Ostatnie działania Prawa i Sprawiedliwości układają się w logiczny ciąg: ostre wystąpienia w rocznicę katastrofy smoleńskiej, zwarcie w sprawie uchwały o zwrocie wraku prezydenckiego tupolewa, wreszcie zapowiedź awansu dla Antoniego Macierewicza, który ma zostać kolejnym wiceprezesem partii.
Sensacją dla szeregowych posłów PiS było niedzielne wystąpienie w specjalnym programie telewizji Trwam Adama Hofmana. Rzecznik PiS od dawna zabiegał o zaproszenie do telewizji o. Tadeusza Rydzyka. Jako przedstawiciel liberalnego skrzydła partii nie był tam mile widziany. To, że wreszcie wystąpił w tv Trwam, wielu posłów PiS uznało, za rezygnację Hofmana z szukania popularności w centrum i wraz z całą partią skręca w prawo.
Wniosek? Na jakiś czas PiS przestaje zwracać się do wyborcy centrowego. Adresatem jest wyborca o twardych prawicowych poglądach, ten sam, który może zagłosować na partię Zbigniewa Ziobry. Osoby z kierownictwa PiS przyznają, że dziś celem strategicznym jest "zabicie" Solidarnej Polski. Nawet kosztem straty poparcia wśród wyborców centrowych. Kierownictwo PiS jest świadome tego zagrożenia, bo cały czas zamawia badania socjologiczne, które pokazują, że rośnie grupa wyborców zniechęconych do PO z powodów ekonomicznych, a zwłaszcza ze zmian w systemie emerytalnym.

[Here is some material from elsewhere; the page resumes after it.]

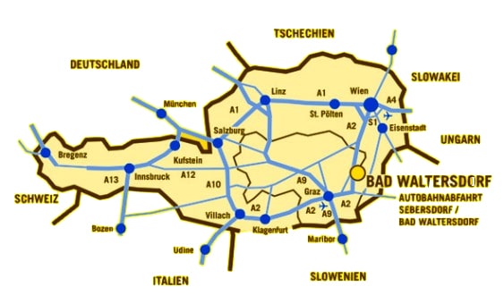 Zur Heiltherme Bad Waltersdorf gelangt man sowohl aus Richtung Wien als auch aus Richtung Graz über die Südautobahn (A2). An der Ausfahrt Bad Waltersdorf (127) fahren Sie in Richtung Sebersdorf und biegen nach rechts auf die Hauptstraße (L401) ab. Nach etwa 2,4 Kilometern nehmen Sie im Kreisverkehr die dritte Ausfahrt (Thermenstraße). Dort befinden sich nach weiteren 1,2 Kilometern die Therme und das angeschlossene Quellenhotel.

Według badań ta część elektoratu boi się radykalizmu i nie chce słuchać o katastrofie smoleńskiej.
Rozmówcy z władz PiS dodają, że radykalizacja ich języka to nie tylko wynik zimnej kalkulacji. To też efekt emocji i traktowania katastrofy smoleńskiej – wraz z ujawnianiem kolejnych związanych z nią skandali i zaniedbań – jako kwestii dotyczącej pryncypiów. Przyznają jednak, że rozhuśtanie emocji wśród wyborców może być korzystne dla ich partii. Nawet wtedy, gdy to samo zjawisko – z powodu powracającego strachu przed PiS – poprawi notowania PO. Bo zyskiem obu partii będzie marginalizacja pozostałych ugrupowań.